Exercise aim –
Nothing but the lines from the one showing "KUVA 8 Irenen" through the final line of the data below belongs in the answer, duplicated exactly and without pictures.

Provided material –
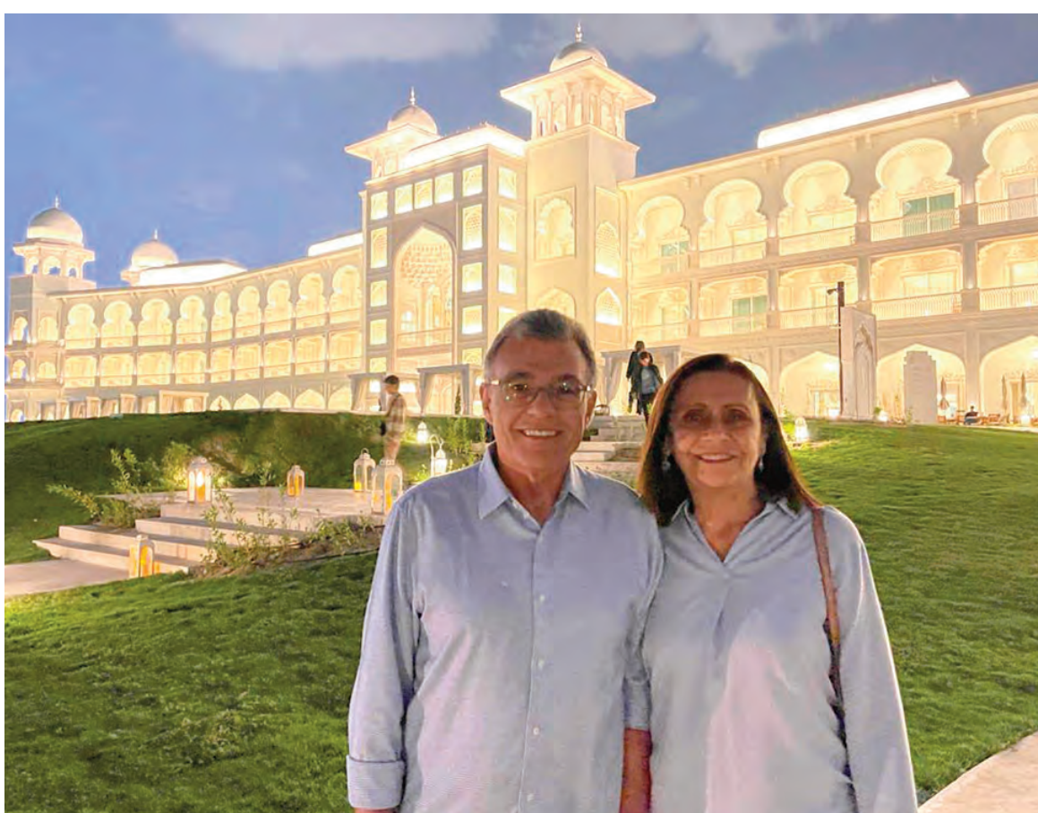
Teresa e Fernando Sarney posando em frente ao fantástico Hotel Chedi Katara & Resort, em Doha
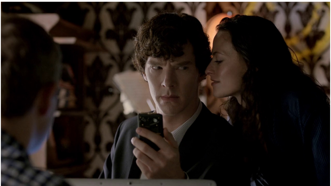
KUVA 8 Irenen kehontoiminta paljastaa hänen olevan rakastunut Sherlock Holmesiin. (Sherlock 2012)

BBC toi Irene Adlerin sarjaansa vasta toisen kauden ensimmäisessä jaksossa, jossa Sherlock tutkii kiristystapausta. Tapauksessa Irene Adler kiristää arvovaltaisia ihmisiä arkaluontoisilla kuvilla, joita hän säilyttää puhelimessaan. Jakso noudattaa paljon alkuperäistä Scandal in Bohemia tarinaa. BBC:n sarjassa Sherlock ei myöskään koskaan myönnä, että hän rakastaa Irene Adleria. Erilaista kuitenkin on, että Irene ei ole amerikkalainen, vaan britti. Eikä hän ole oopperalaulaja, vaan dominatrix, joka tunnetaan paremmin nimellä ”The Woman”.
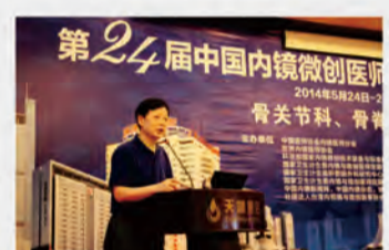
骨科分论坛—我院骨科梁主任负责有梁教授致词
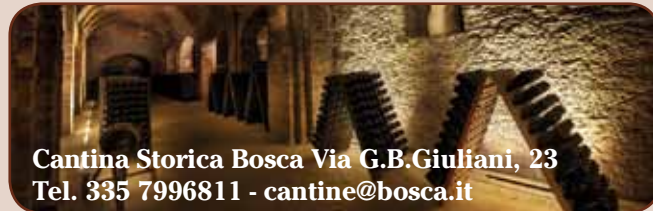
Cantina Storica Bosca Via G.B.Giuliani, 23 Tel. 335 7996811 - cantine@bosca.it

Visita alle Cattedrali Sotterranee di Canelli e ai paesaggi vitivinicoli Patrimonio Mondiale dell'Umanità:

Output for this exercise –
KUVA 8 Irenen kehontoiminta paljastaa hänen olevan rakastunut Sherlock Holmesiin. (Sherlock 2012)

BBC toi Irene Adlerin sarjaansa vasta toisen kauden ensimmäisessä jaksossa, jossa Sherlock tutkii kiristystapausta. Tapauksessa Irene Adler kiristää arvovaltaisia ihmisiä arkaluontoisilla kuvilla, joita hän säilyttää puhelimessaan. Jakso noudattaa paljon alkuperäistä Scandal in Bohemia tarinaa. BBC:n sarjassa Sherlock ei myöskään koskaan myönnä, että hän rakastaa Irene Adleria. Erilaista kuitenkin on, että Irene ei ole amerikkalainen, vaan britti. Eikä hän ole oopperalaulaja, vaan dominatrix, joka tunnetaan paremmin nimellä ”The Woman”.
骨科分论坛—我院骨科梁主任负责有梁教授致词
Cantina Storica Bosca Via G.B.Giuliani, 23 Tel. 335 7996811 - cantine@bosca.it

Visita alle Cattedrali Sotterranee di Canelli e ai paesaggi vitivinicoli Patrimonio Mondiale dell'Umanità:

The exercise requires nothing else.